Wind Turbines in Egypt – Copyrights: Igor Srdanovic

In aiming to analyse the underlying issues that contributed to the rolling power blackouts of 2012 in Egypt, the first part of this two-part article focussed on attempting to offer an answer to the question of why did the  blackouts occur. Following on from this,  this second part attempts to answer the next crucial question of how do we solve this problem. While the previous Egyptian Government has focused on promoting behavioural change strategies as their primary approach for bridging the energy gap, a number of alternative strategies such as infrastructure upgrade, demand side management, increasing energy efficient of buildings, and diversification of energy sources were available. In an aim to explore this diverse range of policy options, the following will highlight and discuss the potential impact of a number of these possible solution pathways.

Behavioural Change Strategies

While the previous Egyptian government has increased the average electricity tariff from an estimated 2.2 US Cents per kWh in 2004 to 3.5 US Cents per kWh in 2010 (AfDB, 2010) , the Egyptian population has until now been able to enjoy highly subsidised energy prices, which have not encouraged energy saving (UNDP Environmental Finance Services, n.d.). Such engagement of the public on the issue of energy use and encouraging behaviour change are emerging areas of research that have important  implications for policy and could make a significant contribution to reducing energy use and resultant greenhouse gas (GHG) emissions (POST, 2012). During one of the last rounds of blackouts, the Government came under fire for solely concentrating on the promotion of the behavioural change aspect. Despite the fact that  the per capita use of energy in the country was already low compared to the regional average, the previous Governmental approaches have included exhorting people to save electricity by, for example, wearing cotton clothes and gathering in one air-conditioned room of the house.

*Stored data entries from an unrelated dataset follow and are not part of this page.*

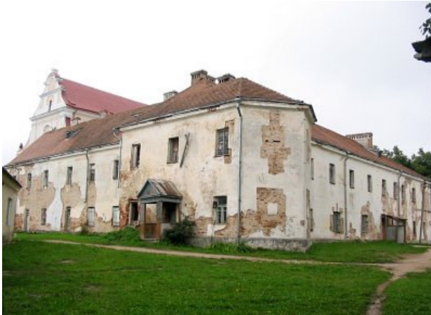
Alšėnų Pranciškonų vienuolyno pastatai

Prie bažnyčios veikęs pranciškonų vienuolynas uždarytas 1832 m., dalis pastatų sugriauta, o likusiuose įkurtos kareivinės. Po II Pasaulinio karo čia buvo sandėlis, vaikų namai ir mokykla-internatas. Architektūrinis ansamblis kaip tik tuomet labiausiai ir nukentėjo. Dabar dalis vienuolyno pastatų grąžinta pranciškonams, likusioje dalyje veikia Valstybinio Baltarusijos meno muziejaus filialas.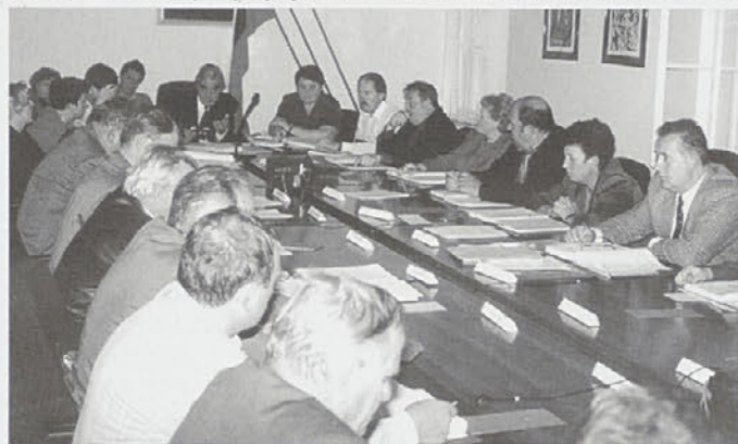
Na seji OS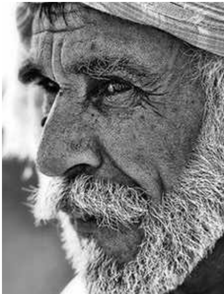
Photo : http://visages-et-portraits.over-blog.fr/article-33566159.html

http://visages-et-portraits.over-blog.fr/article-33566159.html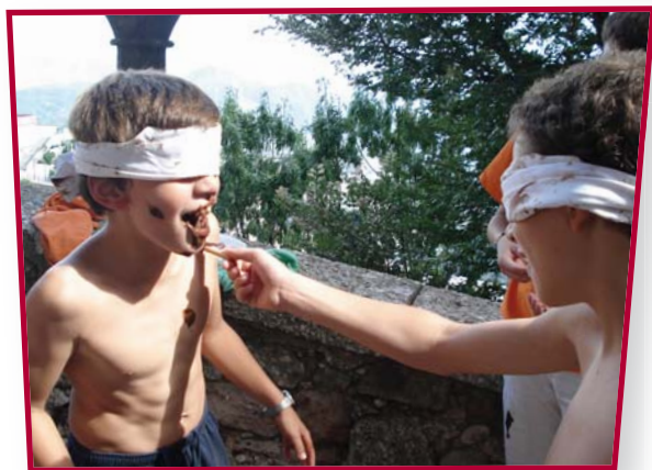
Una prova de la gim-khana organitzada pels escolans grans

Al final d'agost van venir a viure uns dies amb nosaltres dos nois anglesos. Amb ells vam aprendre rugbi, i ens ho vam passar molt bé! Eren molt simpàtics!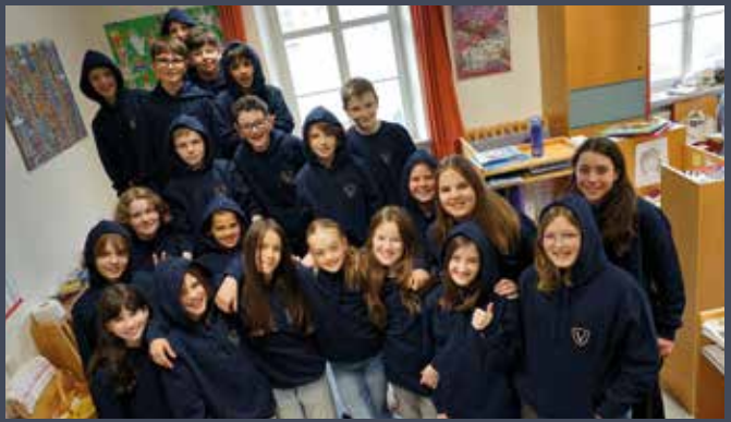
03 Die Klasse 1B im einheitlichen Vinzlook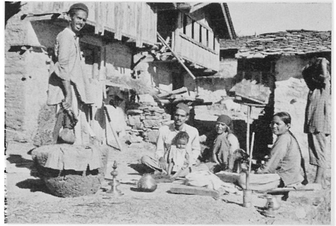
Abbildung 2. Bajgi-Familie: zwei Brüder mit Kind, Mutter und gemeinsamer Gattin (Polyandrie)

1. Die Einschulung der Kinder: In der Zeit zwi- schen 1947 und 1950 hatten die Distriktsbehörden die Zahl der Dorfschulen von 21 auf 94 erhöht. Es zeigte sich aber bald, daß die Kolta-Kinder den Schulen fernblieben: die hohen Kasten sahen für sich keinen Nutzen in der Ausbildung dieser Kin- der, und die Kolta hielten sich für zu gering, um den hohen Kasten die Stirn zu bieten. Fortschrittliche Lehrer und Sozialarbeiter kämpften indessen gegen die Widerstände. So durfte denn auch in Dasau schließlich einer von den drei im richtigen Alter ste- henden Kolta-Knaben in die Schule eintreten. Seine Familie hoffte, er werde eines Tages Beamter im Tiefeland. Der Vater, von einem gewissen Ehrgeiz gepackt, stellte ihn mir bezeichnenderweise mit dem eigentlich den Rajput vorbehaltenen Nachnamen Singh vor.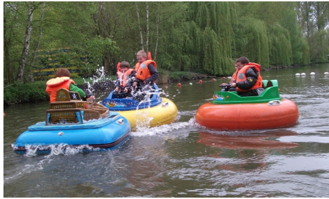
Aquascoters au parc "Le Fleury" à Wavrechain-sous-Faulx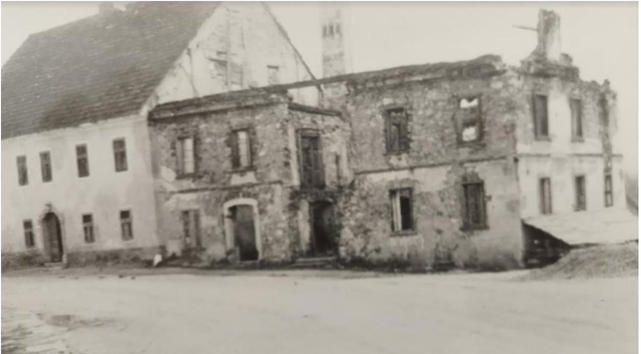
Porušena hiša na trgu

10. aprila so se v Suhi krajini še bolj razplamtele krvave borbe. Petnajst letal je ponovno bombardiralo Žužemberk.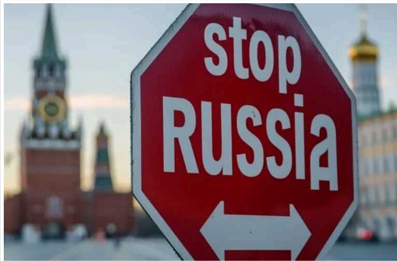
Reuters: В ЄС заговорили про жорсткі санкції проти банків, які співпрацюють з РФ

Франція та Нідерланди вимагають від Європейського Союзу санкцій проти будь-яких фінансових установ, які допомагають російським збройним силам оплачувати товари чи технології для виробництва зброї. Ця ініціатива стане черговим кроком у зусиллях стримати Росію від подальшої військової агресії та обігрування санкцій.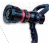
Boquilla importada 1'1/2 pulgadas, 2'1/2pulgadas bajo y altogalonaje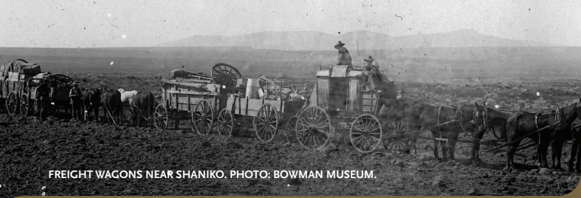
FREIGHT WAGONS NEAR SHANIKO.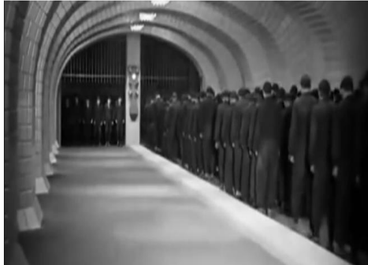
Figura 3 – Extrato do filme Metrópolis (1927)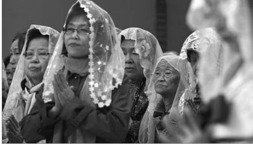
У каталіцкіх саборах у Сеуле маліліся за мір.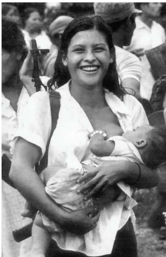
Figura 19. Miliciana de Waswalito, Matagalpa, 1982.

Fotografia de Orlando Valenzuela, 1982. Acesso em 10/08/2017. Disponível em: http://blogdelviejotopo.blogspot.com.br/2015/07/mujeres-fusiles-y-resistencias-5-la.html .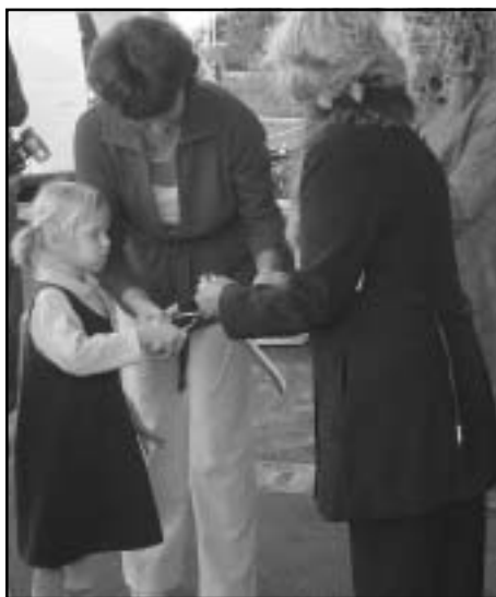
Pa še nekaj trakcev za spomin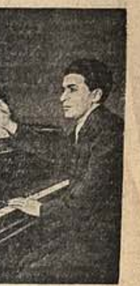
Композитор А. Гаджиев.

И. БЕРСЕНЕВ, народный артист РСФСР, художественный руководитель Театра им. Ленинского комсомола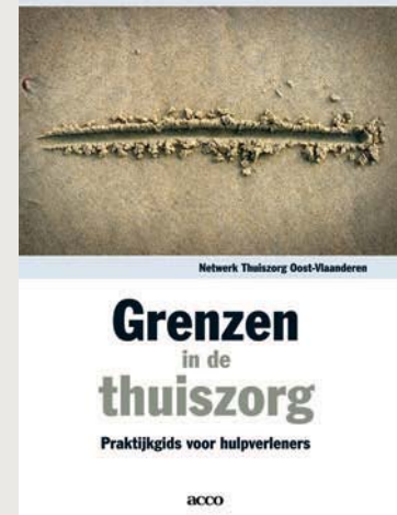
Grenzen in de thuiszorg. Praktijkids voor hulpverleners , ACCO, 2010, 128 p., €22,50. ISBN 978 90 334 7921 2

De thuiszorgsector is de laatste jaren onderhevig aan een sterke groei en ingrijpende veranderingen. Grenzen in de thuiszorg is een praktijkboek voor alle veldwerkers die in hun dagelijkse werk met thuiszorg te maken krijgen.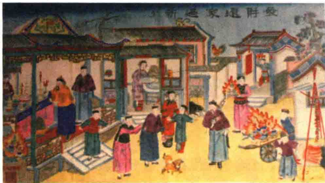
发财还家，年年大有

时间长了，人们在跟“年”的斗争中，掌握了“年”的许多弱点，比如害怕红颜色、怕响声、怕火光等。有一年，大伙儿都在门口贴上红纸，不断敲锣打鼓、放鞭炮，晚上屋子里彻夜点灯。当“年”下山觅食时，蓦然发现山下家家户户灯火通明，到处都是敲锣打鼓声和震天动地的鞭炮声，“年”吓得慌忙逃入深山里去了。天亮之后，每一家都平安无恙。于是，人们高兴地互相祝贺道喜，欢庆胜利。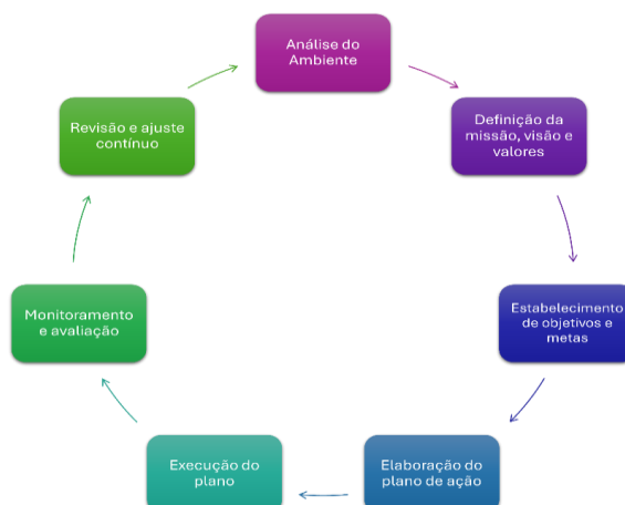
Gráfico 1 – Etapas do processo do planejamento estratégico no setor público.

Conforme ilustrado no Gráfico 1, as etapas do processo de planejamento estratégico no setor público envolvem a definição da missão institucional, a formulação de objetivos, a escolha de indicadores de desempenho, a execução das estratégias e a avaliação dos resultados. Esse ciclo retroalimenta a gestão pública, possibilitando ajustes contínuos e a aprendizagem organizacional, em consonância com a teoria de Mintzberg (2006) sobre a interação entre estratégias deliberadas e emergentes. Kaplan e Norton (1997), introduziram o Balanced Scorecard (BSC) como ferramenta para integrar o planejamento estratégico aos sistemas de avaliação de desempenho. Embora tenha origem no setor privado, o BSC tem sido amplamente adotado em órgãos públicos brasileiros, como o Tribunal de Contas da União (TCU) e o Ministério da Economia, justamente por permitir a visualização integrada dos objetivos institucionais. No gráfico 1, observa-se as etapas que compõem o processo de planejamento estratégico no setor público, segundo Kaplan e Norton.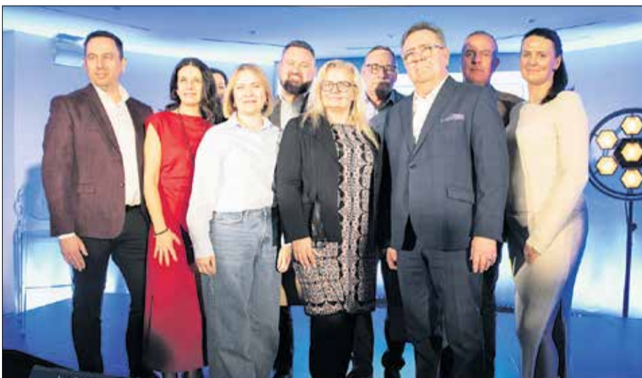
Przedstawiciele z gminy Tarnowo Podgórne.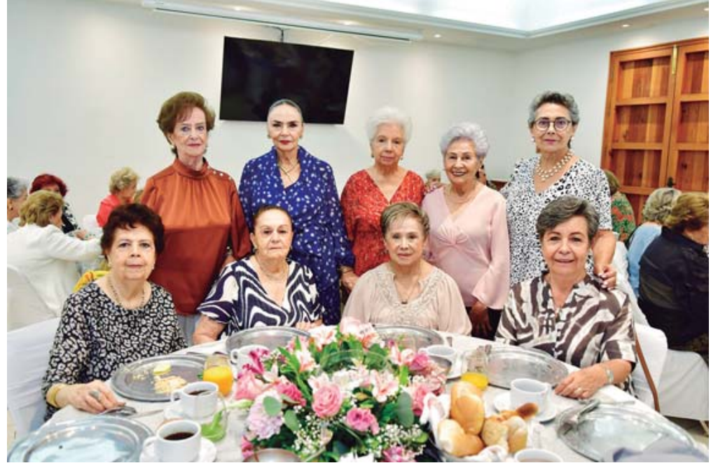
■ Disfrutó al máximo este bello momento con sus amigas.

Yet, while the evidence base for quantifying the impact of energy behaviour change is limited, a recent study in the UK found that conservation by lifestyle, awareness, low-cost actions (such as switching off appliance instead of leaving them on stand-by) had the potential to save up 57% of the energy saving potential of about 220 Mtoe compared to current use (Laitner, 2009). In applying these findings to Egypt, a range of interventions can be used to generate the behaviour changes that are needed, depending of course, on the existing behaviours that policy makers are attempting to change. In addition, and in light of the previous Government’s failure to properly communicate its approach, it remains important to consider how each potential intervention is communicated to its target audience. It is also important to consider group dynamics, especially that research in this field suggests that people are heavily influenced by others around them and tend to adopt their opinions, judgements and behaviour (DECC, 2011).

Infrastructure Upgrade

In order to cope with future demand, a systematic expansion and reinforcement of the electricity infrastructure and generation facilities is crucial and can be achieved through increased Governmental commitment to infrastructure investment (AfDB, 2010). It is estimated that to meet the increased demand, an average annual expansion in generation, transmission and distribution capacity of 2000-3000 MW is required – approximately 10% of the installed capacity (Osman, 2008). Although average transmission losses in the National Unified Power System (NUPS) declined from 6.56% in 1998/1999 to 3.8% in 2007/2008, additional infrastructure upgrade work is also required to improve the efficiency of the transmission and distribution networks and to reduce losses within them (Bedrous, n.d.).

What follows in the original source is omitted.